Readers of this blog might have noticed, that blog layout and blog URLs have changed (a while ago). This blog now serves static HTML pages using a nginx web server (get used to nginx, it's coming in Connections Pink too). I will document the steps and code I used to get there. Step 0 is: define the requirements and evaluate the resulting constraints:
  • Export of all Blogsphere content to HTML, including the conversion of entries written in RichText
  • No export of configuration or layout required
  • New site structure that shows articles in year and month folders
  • Modular templating system with includes for repeated pieces (e.g. header, footer, sidebar)
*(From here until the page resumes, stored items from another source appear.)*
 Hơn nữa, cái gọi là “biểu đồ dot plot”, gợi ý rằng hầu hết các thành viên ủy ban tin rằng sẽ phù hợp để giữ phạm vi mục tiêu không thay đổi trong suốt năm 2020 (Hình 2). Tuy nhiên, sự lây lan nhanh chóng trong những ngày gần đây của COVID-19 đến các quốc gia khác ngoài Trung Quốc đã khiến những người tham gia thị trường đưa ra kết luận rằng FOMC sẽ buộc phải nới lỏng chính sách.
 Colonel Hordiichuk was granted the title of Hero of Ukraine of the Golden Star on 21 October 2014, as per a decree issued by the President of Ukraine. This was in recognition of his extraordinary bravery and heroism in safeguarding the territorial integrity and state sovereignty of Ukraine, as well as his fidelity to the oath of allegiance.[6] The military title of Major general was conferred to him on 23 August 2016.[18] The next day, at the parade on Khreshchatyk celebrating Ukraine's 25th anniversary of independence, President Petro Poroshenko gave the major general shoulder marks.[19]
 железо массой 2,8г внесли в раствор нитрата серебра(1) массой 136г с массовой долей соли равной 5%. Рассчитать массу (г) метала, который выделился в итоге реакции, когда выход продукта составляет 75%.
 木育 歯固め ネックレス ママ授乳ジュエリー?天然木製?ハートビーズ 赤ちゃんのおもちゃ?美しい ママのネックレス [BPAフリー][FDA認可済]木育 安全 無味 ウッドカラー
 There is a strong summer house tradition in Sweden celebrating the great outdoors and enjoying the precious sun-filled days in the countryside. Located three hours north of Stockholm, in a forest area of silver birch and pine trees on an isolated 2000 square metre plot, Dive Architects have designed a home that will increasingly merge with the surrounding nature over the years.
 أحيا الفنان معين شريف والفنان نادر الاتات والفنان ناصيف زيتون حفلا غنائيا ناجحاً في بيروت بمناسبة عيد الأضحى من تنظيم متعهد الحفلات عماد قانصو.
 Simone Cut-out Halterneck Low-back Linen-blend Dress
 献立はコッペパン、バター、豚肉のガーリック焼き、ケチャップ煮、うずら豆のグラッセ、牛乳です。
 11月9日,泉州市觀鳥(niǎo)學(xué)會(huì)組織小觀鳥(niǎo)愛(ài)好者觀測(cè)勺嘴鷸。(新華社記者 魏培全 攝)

  • Summary pages for year, month and categories
  • Summary page for article series
  • Existing comments to become part of the html page
  • Repeatability: export must be able to repeat, but not overwrite a page that hasn't actually changed
  • Storage of exported pages in a file structure as JSON files
  • Rendering of static site from Notes or from JSON directory
  • Redirection file, so old links get a proper redirection to the new URL
  • Have a comment database for new comments
  • No pagination for any of the summary pages (I might change my mind on that one)
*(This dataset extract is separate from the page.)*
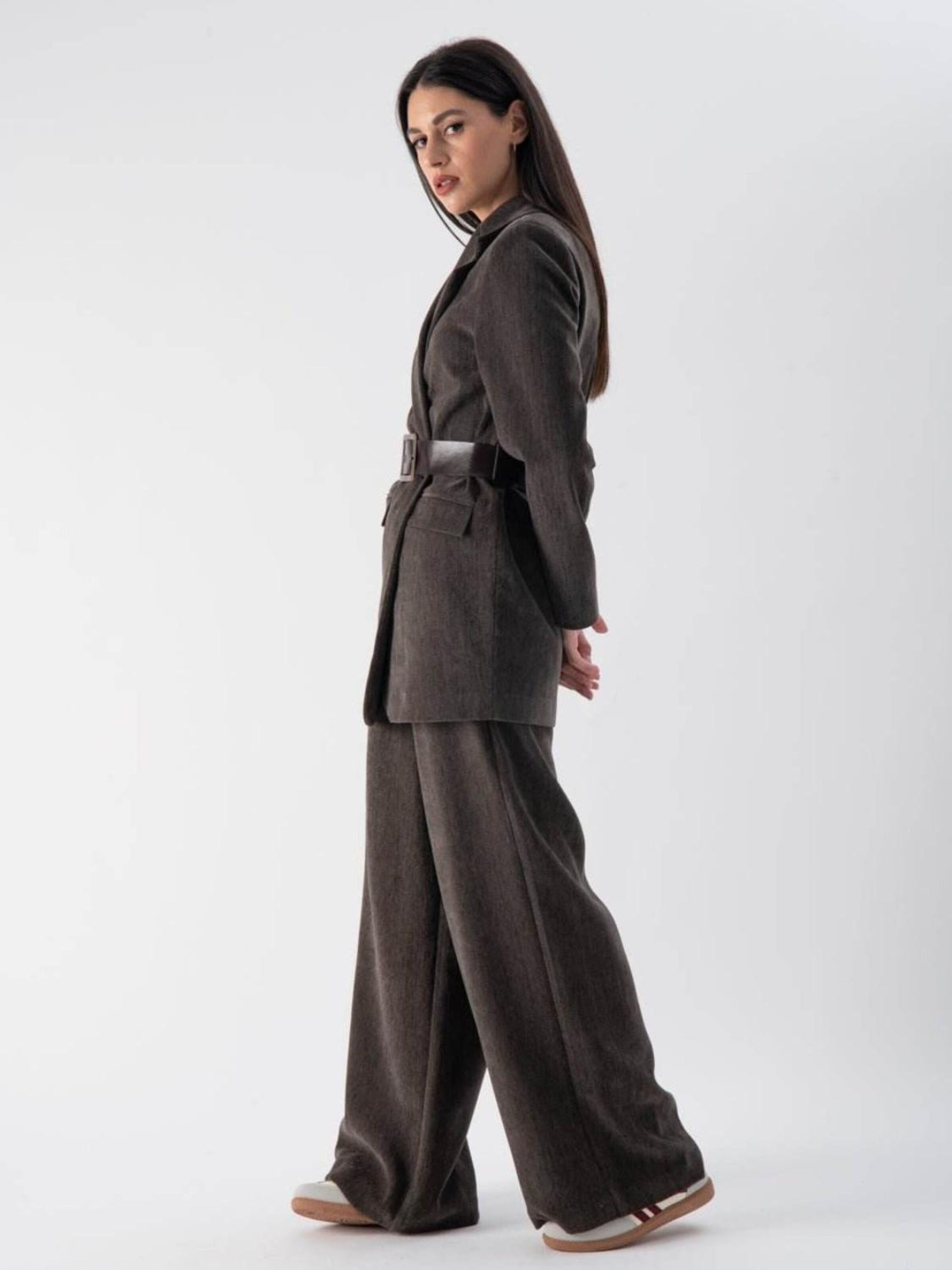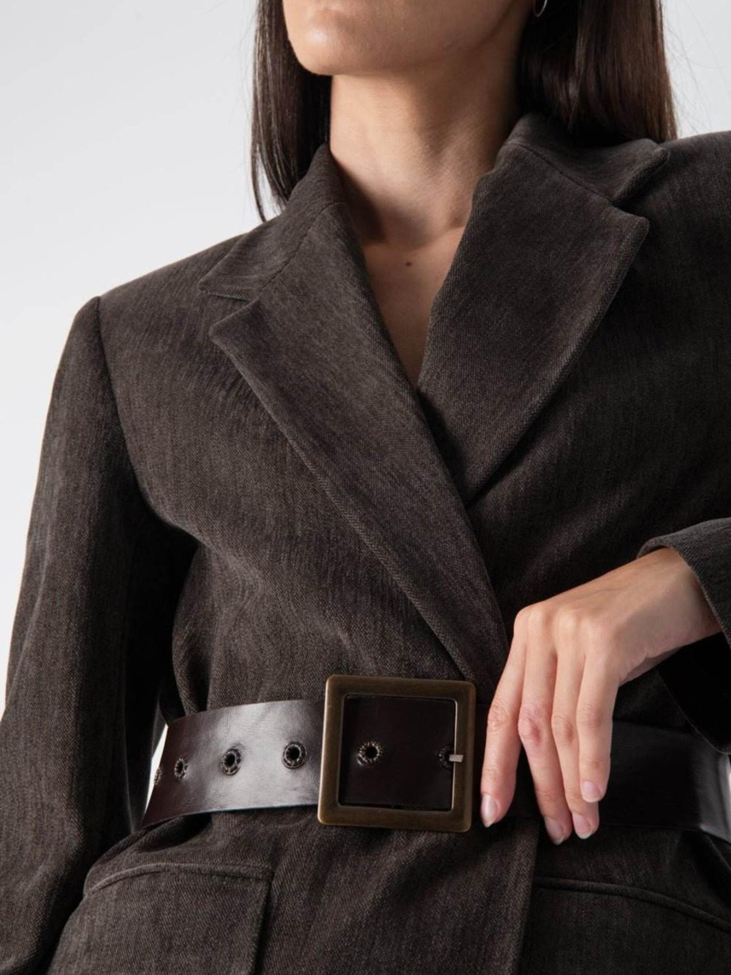 MND Пиджак 'Chenille blazer with belt' в сером цвете

  • Cleanup messy HTML automatically, fix syntax and URLs to posts and images
  • Optimized HTML, CSS and JS for speedy delivery
I had a look at Jekyll, which is the templating engine GitHub is using. I would have allowed me to just commit a new file and Github would render for me. Unfortunately Jekyll fell short of the article series and category overview pages.Finally I settled on the following toolset:
  • Some customizations in Blogsphere:
    • a view listing all objects, with images first, stories later
    • a view with documents containing richtext and a form overwrite to isolate the rendered html
    • The new URL as entry field for an article, and an agent to prepopulate it
    • A dropdown list, extensible, with the name of the article series
  • a redirection mapping file for nginx (generated by my Java application)
  • A custom Java command line application that does export and rendering. Using a set of modules:
    • Apache Maven: Dependency management for Java projects
    • Google gson: Processing of JSON from and to Java objects
    • Joda time: Time handling for Java
    • Mustache for Java: logic less template system. Available for tons of languages, so if I change the hard part - rendering - will continue to work
    • Google Guava: Core Java library from people way smarter than me. Especially the collection and cache stuff (Guava is also inside VoP)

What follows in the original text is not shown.